Mit Blick auf das Fraunhofer UMSICHT kann ich sagen, dass wir in den vergangenen fünf Jahren gelernt haben, auch große Projekte im Millionen- und sogar Multimillionenbereich zu stemmen. Bestes Beispiel ist Carbon2Chem®. Das Verbundprojekt zeigt, dass wir sowohl in der deutschen Forschungslandschaft als auch in der Industrie sehr gut vernetzt sind und dass man uns dort als leistungsstarken, verlässlichen Partner wahrnimmt.
Haben sich – analog zur Forschungsarbeit – auch die Forschungsthemen am Fraunhofer UMSICHT verändert?
Prof. Deerberg: Der Ursprung des Instituts lag beim Umweltschutz und den entsprechenden Technologien. Davon haben wir uns in den 30 folgenden Jahren sehr konkret in Richtung Nachhaltigkeit bewegt – mit allem, was dazugehört. Wir setzen uns immer noch mit Technologien auseinander, aber es sind viele andere Aspekte dazu gekommen: Aspekte der Bewertung, Aspekte der Kommunikation mit der Gesellschaft, Aspekte der Beratung und auch Aspekte der Unterstützung von Politik und Gesellschaft. Im Jahr 2020 sehen wir uns deshalb als Wegbereiter in eine nachhaltige Welt. Wir setzen uns daher viel mehr auch mit globalen gesellschaftlichen Herausforderungen auseinander und versuchen unseren Lösungsbeitrag dazu zu leisten.
Prof. Weidner: Ein wichtiger Meilenstein auf diesem Weg war die Veröffentlichung unseres ersten Nachhaltigkeitsberichts im Jahr 2007. Damals waren wir die ersten, die so etwas in Deutschland gemacht haben. Wenn man zurückblickt, hat das sehr viele Konsequenzen gehabt. U. a. dass auch die Fraunhofer-Gesellschaft jetzt einen Nachhaltigkeitsbericht hat.
Im jüngst veröffentlichten Nachhaltigkeitsbericht des Fraunhofer UMSICHT nimmt das Institut zum ersten Mal Bezug auf die Sustainable Development Goals – kurz: SDGs – der Vereinten Nationen. Welchen Beitrag leistet das Fraunhofer UMSICHT zum Erreichen dieser Ziele?
Prof. Weidner: Wir hatten das Glück, von der Fraunhofer-Gesellschaft den Auftrag für eine White-Spot-Analyse zu bekommen, die offenlegt, wo Fraunhofer mit Blick auf die SDGs weiße Flecken hat. In diesem Prozess haben wir natürlich auch unsere eigene Arbeit hinterfragt und gemerkt, dass UMSICHT zu vielen Zielen beitragen kann. Schwerpunkte sind sicherlich die SDGs sieben und zwölf, die eine sichere Energieversorgung und das Produzieren in Kreisläufen adressieren. Das sind Themen, die uns seit vielen Jahren – eigentlich seit der Gründung – umtreiben.

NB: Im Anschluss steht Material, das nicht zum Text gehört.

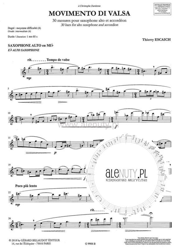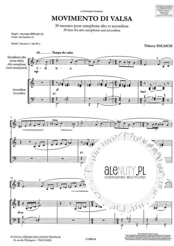 "Movimento di valsa pour saxophone alto et accordeon" to utwór skomponowany przez Thierry'ego Escaicha, francuskiego kompozytora i organistę. Escaich jest znany z twórczości obejmującej różne gatunki muzyczne, w tym muzykę orkiestrową, utwory kameralne i kompozycje organowe. "Movimento di valsa" jest utworem napisanym na saksofon altowy i akordeon. Kompozytor podarował Christophe'owi Dardenne'owi ten 30-taktowy utwór z okazji jego trzydziestolecia w Éditions Billaudot. Nuty dla średnio zaawansowanych muzyków.

Wissenschaft und Gesellschaft rücken immer enger zusammen. Das zeigt sich nicht zuletzt in Krisenzeiten wie der Corona-Pandemie. Wie geht das Fraunhofer UMSICHT diesen Weg?
Prof. Deerberg: Am Beispiel Corona zeigt sich, dass Wissenschaft immer mehr Verantwortung übernimmt. Dadurch steigen aber auch die Erwartungen von Politik und Gesellschaft. Im positiven Sinne sind wir da ein Stück weit gefordert, unsere Aktivitäten zu erklären, um eine Basis für gemeinsames Handeln zu schaffen. Wer neue Entwicklungen oder Technologien nicht versteht, wird sie auch nicht akzeptieren und unterstützen.
Mit dieser Thematik befassen wir uns schon seit langer Zeit. In unserem gemeinsamen Studiengang infernum mit der FernUniversität in Hagen bilden wir seit 20 Jahren Akademiker*innen interdisziplinär aus, damit sie kommunikationsfähiger sind. Am UMSICHT betreiben wir auf der einen Seite verstärkt Wissenschaftskommunikation. Auf der anderen Seite spielt Partizipation eine immer größere Rolle. So versuchen wir beispielsweise, gesellschaftliche Kräfte im Rahmen von Bürgerlaboren oder speziell auf den Dialog ausgerichteten Projekten einzubeziehen.
Wissenschaft und Bildung sind für Frieden und Entwicklung in der globalisierten Welt unerlässlich. Wir versuchen, auch hier einen Beitrag zu leisten.